▸ **Data supplied**
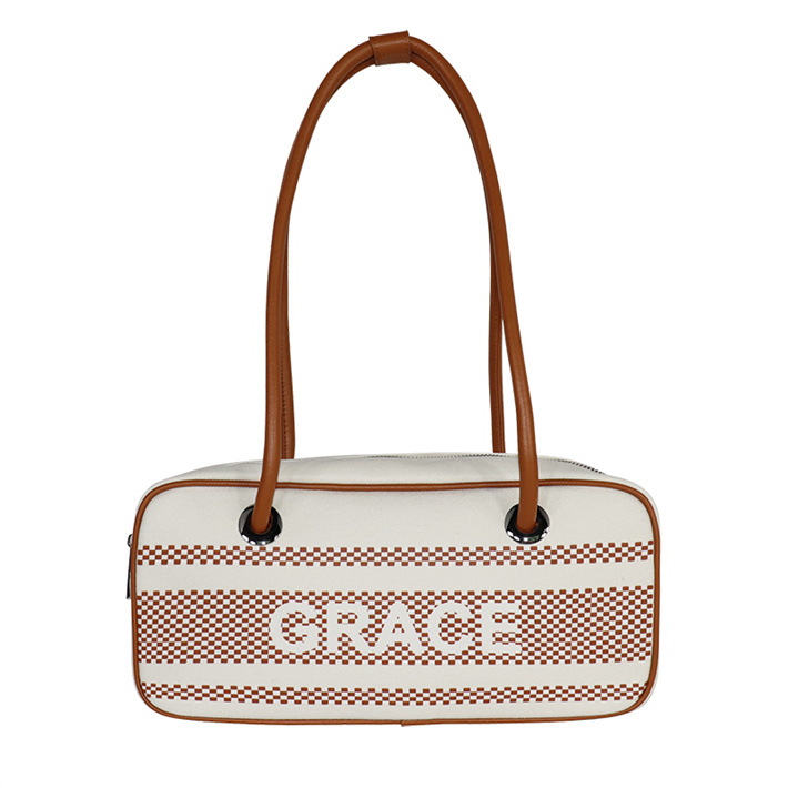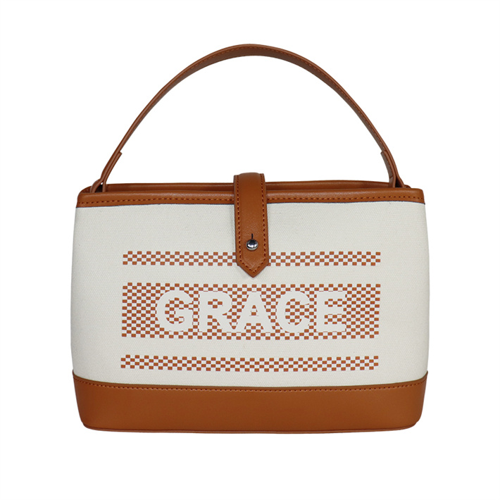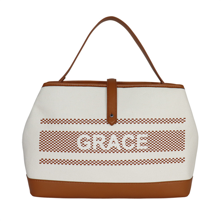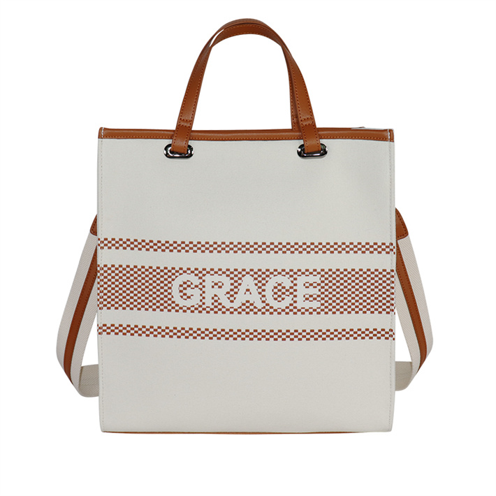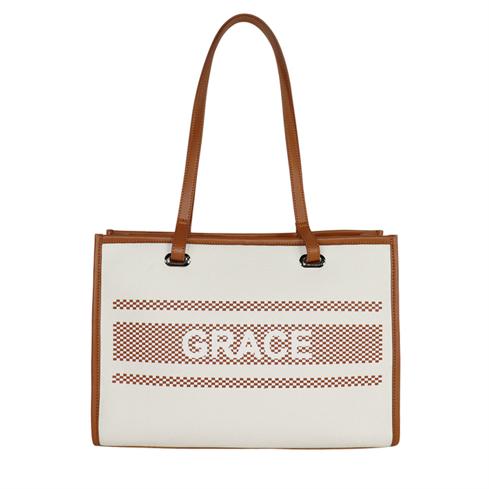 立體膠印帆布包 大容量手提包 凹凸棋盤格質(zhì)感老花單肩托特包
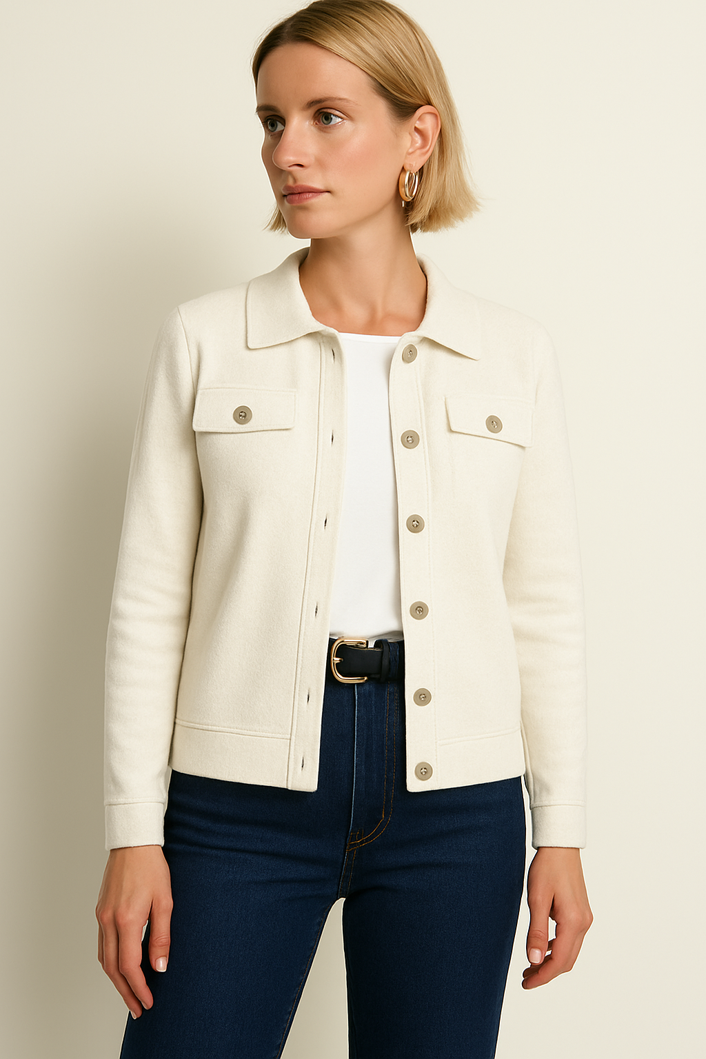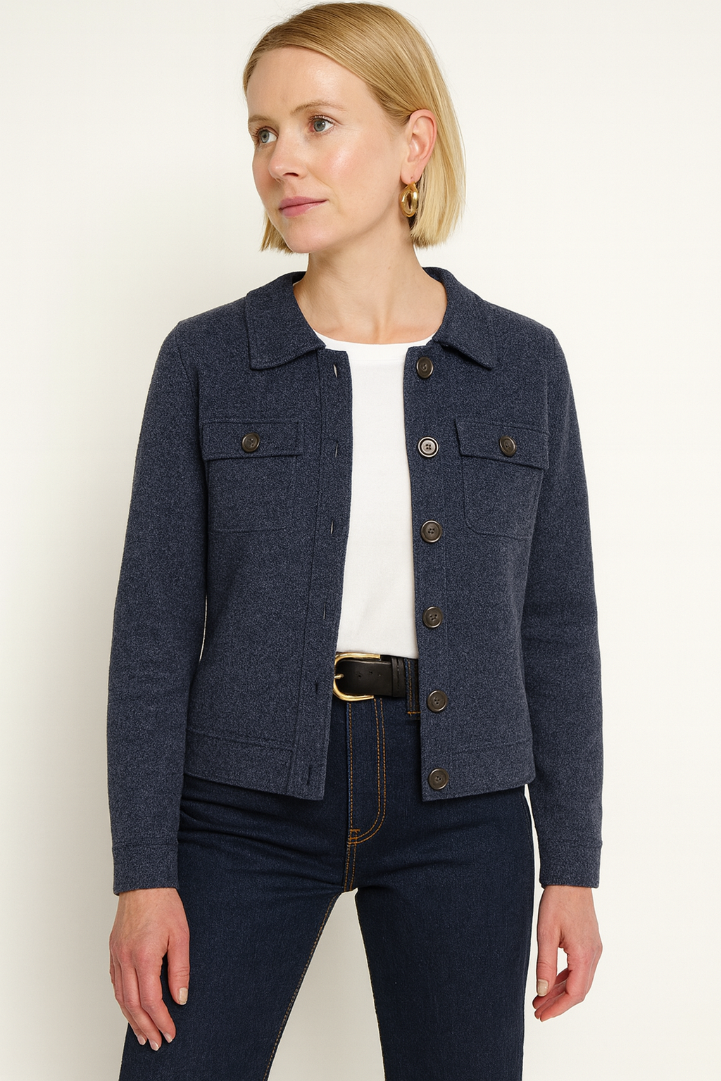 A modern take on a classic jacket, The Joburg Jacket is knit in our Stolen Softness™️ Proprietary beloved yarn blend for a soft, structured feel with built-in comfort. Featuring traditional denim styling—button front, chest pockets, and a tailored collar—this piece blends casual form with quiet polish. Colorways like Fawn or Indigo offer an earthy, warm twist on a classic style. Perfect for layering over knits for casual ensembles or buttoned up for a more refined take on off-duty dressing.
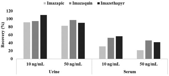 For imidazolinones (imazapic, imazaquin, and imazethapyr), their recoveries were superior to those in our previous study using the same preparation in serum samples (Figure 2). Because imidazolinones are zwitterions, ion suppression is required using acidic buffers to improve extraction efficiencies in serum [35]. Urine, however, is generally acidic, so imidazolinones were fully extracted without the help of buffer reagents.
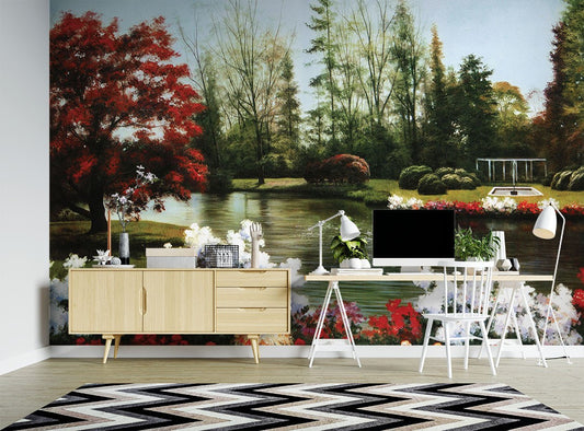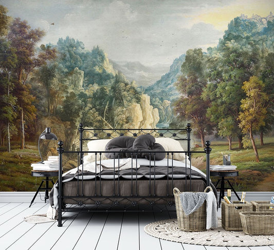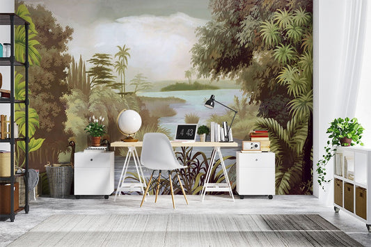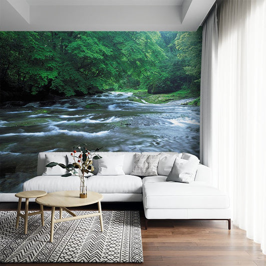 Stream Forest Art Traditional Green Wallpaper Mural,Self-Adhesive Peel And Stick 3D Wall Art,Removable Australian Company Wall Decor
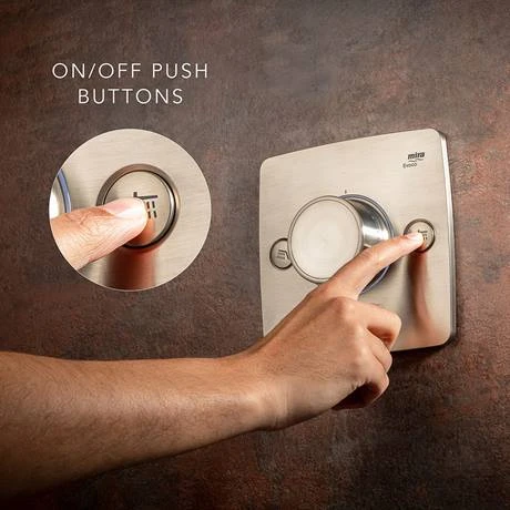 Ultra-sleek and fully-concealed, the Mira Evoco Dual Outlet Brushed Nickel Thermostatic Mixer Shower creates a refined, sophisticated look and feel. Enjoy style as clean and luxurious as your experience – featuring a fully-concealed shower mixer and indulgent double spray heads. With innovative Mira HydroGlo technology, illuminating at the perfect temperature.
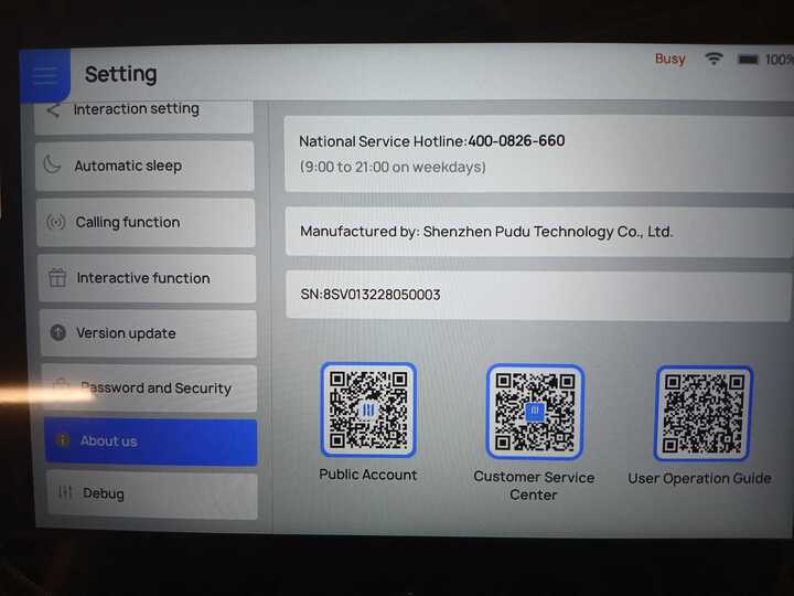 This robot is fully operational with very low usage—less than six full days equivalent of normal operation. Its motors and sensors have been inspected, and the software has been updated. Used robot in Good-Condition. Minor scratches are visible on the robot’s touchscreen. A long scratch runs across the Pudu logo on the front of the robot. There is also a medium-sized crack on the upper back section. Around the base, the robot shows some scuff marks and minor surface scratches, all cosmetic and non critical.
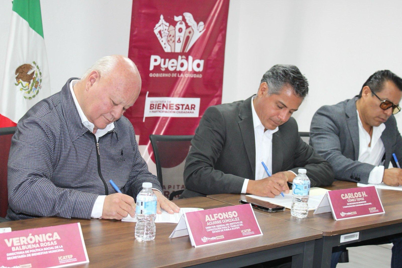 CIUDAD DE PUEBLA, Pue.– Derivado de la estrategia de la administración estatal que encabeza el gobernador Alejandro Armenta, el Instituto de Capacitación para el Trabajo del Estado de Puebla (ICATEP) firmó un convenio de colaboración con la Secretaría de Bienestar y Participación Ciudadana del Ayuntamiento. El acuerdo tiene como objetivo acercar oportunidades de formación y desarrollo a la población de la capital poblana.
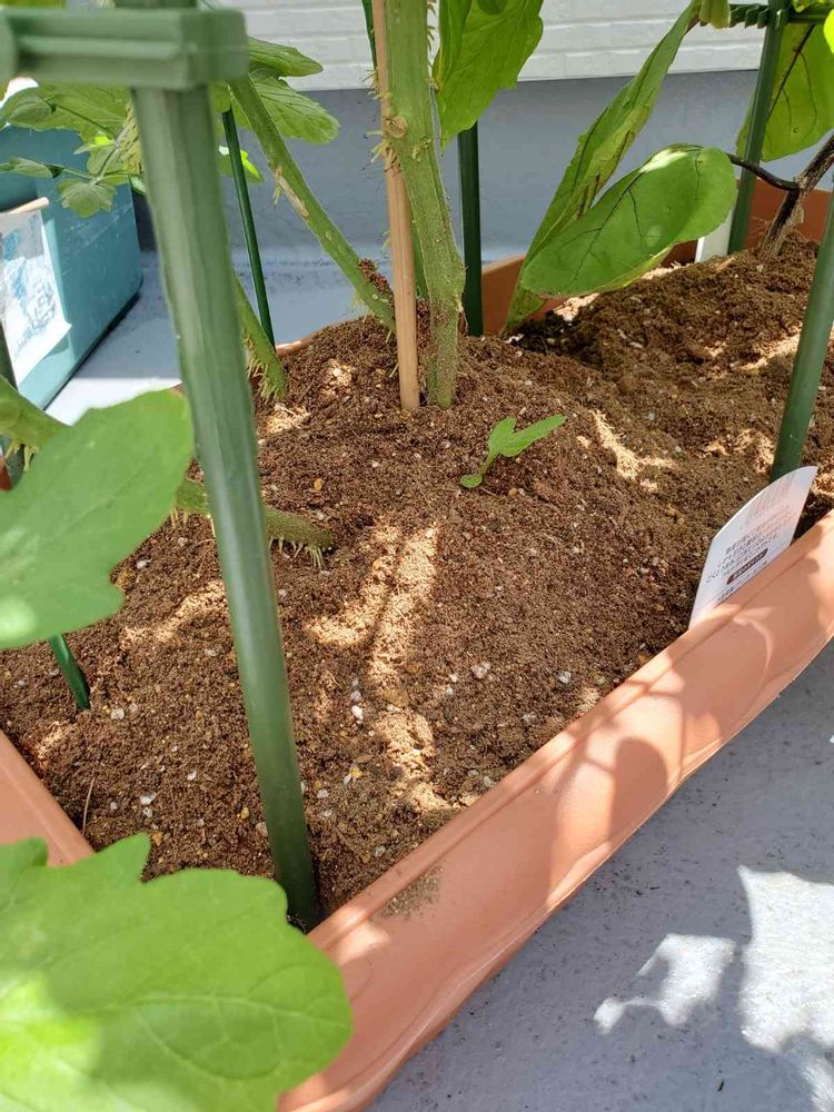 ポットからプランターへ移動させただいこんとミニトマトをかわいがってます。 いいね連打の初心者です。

▸ **Action item**
What you give back must be exactly the lines from the opening line of the entries through the line holding "Ultra-sleek and fully-concealed, the", with no pictures.

▸ **Reply to the task**
 立體膠印帆布包 大容量手提包 凹凸棋盤格質(zhì)感老花單肩托特包
 A modern take on a classic jacket, The Joburg Jacket is knit in our Stolen Softness™️ Proprietary beloved yarn blend for a soft, structured feel with built-in comfort. Featuring traditional denim styling—button front, chest pockets, and a tailored collar—this piece blends casual form with quiet polish. Colorways like Fawn or Indigo offer an earthy, warm twist on a classic style. Perfect for layering over knits for casual ensembles or buttoned up for a more refined take on off-duty dressing.
 For imidazolinones (imazapic, imazaquin, and imazethapyr), their recoveries were superior to those in our previous study using the same preparation in serum samples (Figure 2). Because imidazolinones are zwitterions, ion suppression is required using acidic buffers to improve extraction efficiencies in serum [35]. Urine, however, is generally acidic, so imidazolinones were fully extracted without the help of buffer reagents.
 Stream Forest Art Traditional Green Wallpaper Mural,Self-Adhesive Peel And Stick 3D Wall Art,Removable Australian Company Wall Decor
 Ultra-sleek and fully-concealed, the Mira Evoco Dual Outlet Brushed Nickel Thermostatic Mixer Shower creates a refined, sophisticated look and feel. Enjoy style as clean and luxurious as your experience – featuring a fully-concealed shower mixer and indulgent double spray heads. With innovative Mira HydroGlo technology, illuminating at the perfect temperature.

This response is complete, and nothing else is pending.